Sexual health and consent

Male student puts his arm around a female student; she doesn't like it
Hand touches someone else's body
Richard Rood

We strive to be a place where everyone feels safe. We want to cultivate an Erasmian community that operates fundamentally on the grounds of mutual respect between all its members - staff, students and guests. Consequently, any form of unwanted sexual behavior, harassment or violence is not tolerated within our institution. Several initiatives have been set up to tackle unwanted behaviour.

Research commissioned by Amnesty showed that 1 in 10 students has experienced rape during their study period in the Netherlands. Erasmus Magazine featured a number of articles on this topic, focussing on our university.

These numbers by Amnesty are unacceptable. We cannot be a proud university community and cannot fully reach our Erasmian values when our students - female, male, nonbinary, cisgender, transgender, queer, straight, gay, lesbian, bisexual, intersexual, pansexual, asexual; all identifications - are not experiencing social safety and sexual health.

Our university is committed to being welcoming, respectful and inclusive. We continuously work to create an inclusive work and study environment. For everyone.

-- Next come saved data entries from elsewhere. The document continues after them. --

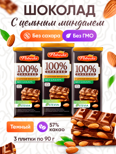 Шоколад без сахара темный Победа с миндалем плиточный 3 шоколадки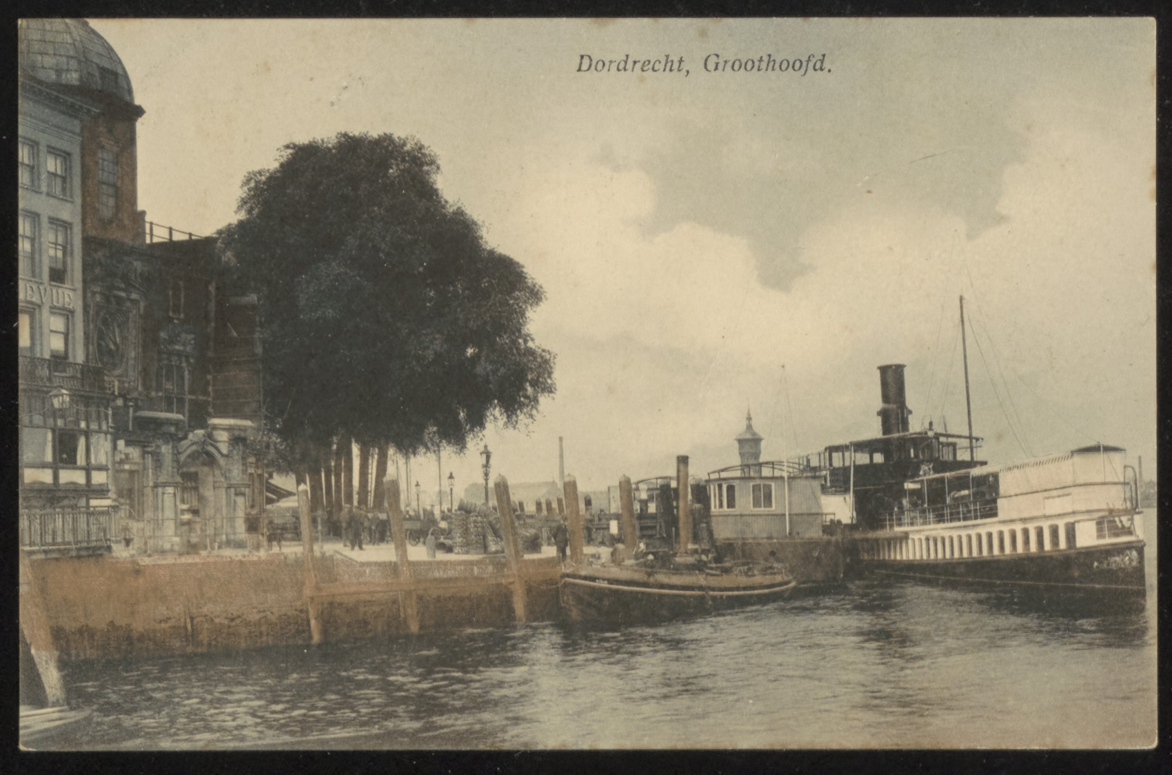 Raderrboot van Fop Smit.aan het Groothoofd. Links Hotel Bellevue.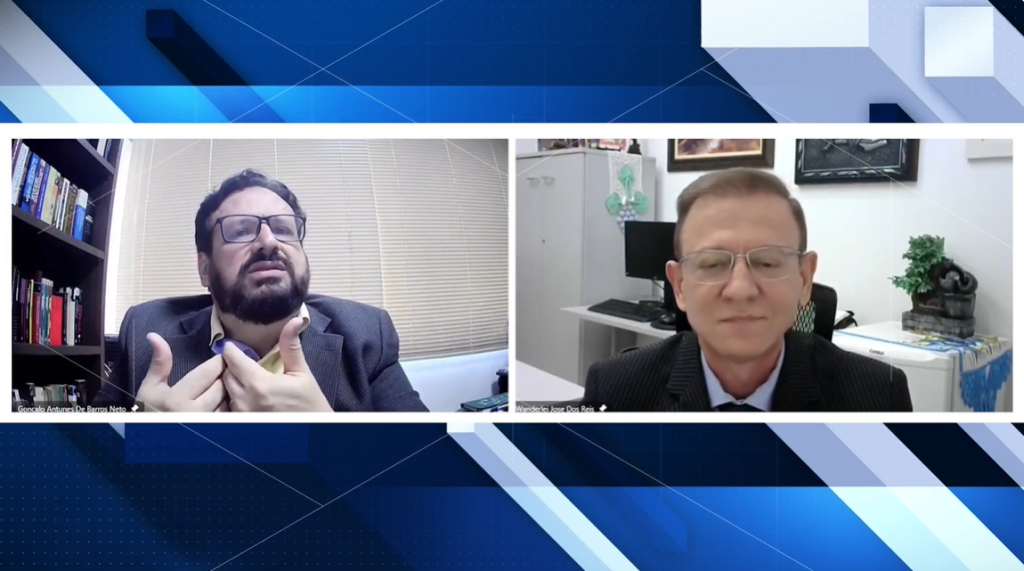#ParaTodosVerem – Esta matéria possui recursos de texto alternativo para promover a inclusão das pessoas com deficiência visual. Imagem 1: Print de tela que mostra uma conversa por videoconferência entre os juízes Gonçalo Antunes e Wanderlei Reis, que estão divididos em duas telas, com um fundo de tons azuis.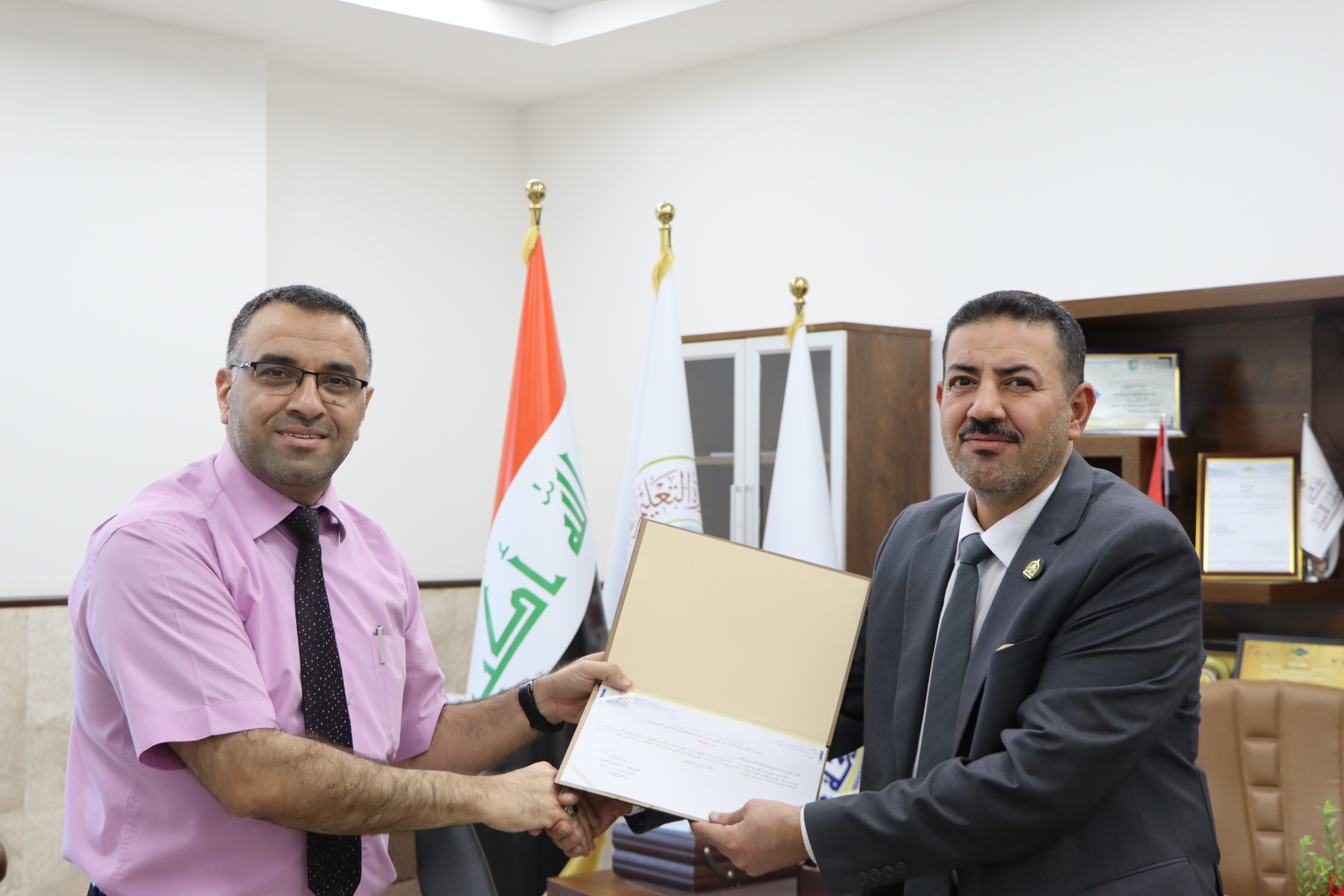 معاون العميد للشؤون الادارية رئيساً في لجنة مناقشة رسالة دكتوراه
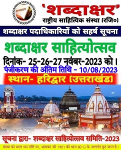 आगामी 25 नवंबर से तीन दिवसीय “शब्दाक्षर हरिद्वार साहित्योत्सव-2023” का होगा भव्य आयोजन November 24, 2023 Read More »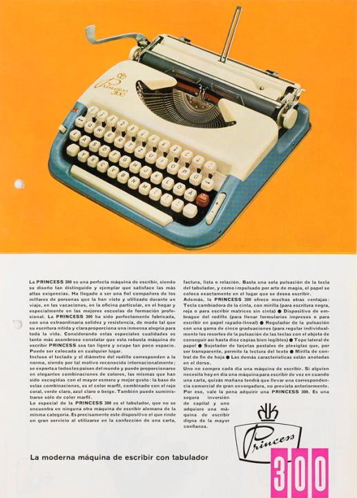 Faltprospekt in spanischer Sprache für Schreibmaschine Princess 300 Nr. 2621-9246 KA

Sexually unwanted behaviour

So, let it be clear that what is shown in the video is what we do not want for our students. But what do we want when it comes to our students’ social safety and sexual health?

Sexual health

According to the World Health Organization, sexual health is: “A state of physical, emotional, mental and social well-being in relation to sexuality; it is not merely the absence of disease, dysfunction or infirmity. Sexual health requires a positive and respectful approach to sexuality and sexual relationships, as well as the possibility of having pleasurable and safe sexual experiences, free of coercion, discrimination and violence. For sexual health to be attained and maintained, the sexual rights of all persons must be respected, protected and fulfilled.” (WHO, 2006).

In this definition, we see multiple dimensions:

  1. Sexual health is not only something physical, but it is also about emotional, mental and social well-being.

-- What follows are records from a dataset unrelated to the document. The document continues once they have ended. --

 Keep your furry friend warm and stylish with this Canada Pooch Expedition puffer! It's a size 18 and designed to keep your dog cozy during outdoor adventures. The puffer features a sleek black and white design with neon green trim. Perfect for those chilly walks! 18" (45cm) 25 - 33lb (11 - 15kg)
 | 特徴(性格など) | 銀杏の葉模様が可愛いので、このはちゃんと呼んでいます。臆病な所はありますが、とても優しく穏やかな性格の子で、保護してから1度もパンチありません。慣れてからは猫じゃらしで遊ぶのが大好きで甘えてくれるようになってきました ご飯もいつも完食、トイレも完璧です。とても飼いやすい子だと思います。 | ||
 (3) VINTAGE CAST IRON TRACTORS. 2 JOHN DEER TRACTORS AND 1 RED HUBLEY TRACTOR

  2. Sexual health is not only about the absence of negative aspects, but also about the presence of positive aspects.

  3. Sexual health is not only an individual thing, but also very much something interpersonal and relational.

(Erasmus Love Lab)

Male student checking out female student
Richard Rood

Sexual consent

“Sexual activity requires consent, which is defined as positive, unambiguous, and voluntary agreement to engage in specific sexual activity throughout a sexual encounter.

  • Consent cannot be inferred from the absence of a "no"; a clear "yes," verbal or otherwise, is necessary.
  • Consent to some sexual acts does not imply consent to others, nor does past consent to a given act imply present or future consent.
  • Consent must be ongoing throughout a sexual encounter and can be revoked at any time.
  • Consent cannot be obtained by threat, coercion, or force. Agreement under such circumstances does not constitute consent.
  • Consent cannot be obtained from someone who is asleep or otherwise mentally or physically incapacitated, whether due to alcohol, drugs, or some other condition. A person is mentally or physically incapacitated when that person lacks the ability to make or act on considered decisions to engage in sexual activity. Engaging in sexual activity with a person whom you know - or reasonably should know - to be incapacitated constitutes sexual misconduct.”

(Yale; available at: http://smr.yale.edu/definitions-sexual-misconduct-consent-and-harassment).

Sexual violence

When we talk about sexual violence, we talk about every type of intimate or sexual activity that goes against someone’s free will and desire at that moment. It can be with a total stranger, or with someone known to you, or your dating partner. It can happen physically - in real life - and it can happen online.

What we do

We created an action plan against sexual violence, see below. We are raising more awareness through dialogue, trainings, and workshops on boundaries, communication and consent. These activities are aimed at dismantling stigma around these topics and to make students aware of their own boundaries, how to respect those of others and how to talk about them in group spheres. 

Our action plan against sexual violence contains a.o. topical training for students and staff, workshops on consent and an awareness campaign about sexually unwanted behaviour of which the video on this webpage is one of the aspects. This video is shown during Eureka week (the introduction period for new students) and is accompanied by a.o. posters, leaflets, online posts.

The goal is to inform our new students on the values EUR adheres to concerning consent, encourage them to think critically about their own wishes and boundaries and those of others, and show the importance of communicating about this.

We have a network of confidential counsellors who are there for students and staff members. There is a EUR complaints procedure for inappropriate behaviour to report unwanted conduct. 

Furthermore we have a ‘Meldcode Huiselijk Geweld en Kindermishandeling’ (Domestic violence and child abuse protocol) and a ‘Richtlijn voor leidinggevenden bij Agressie en geweld’ (Guideline for managers regarding Aggression and violence).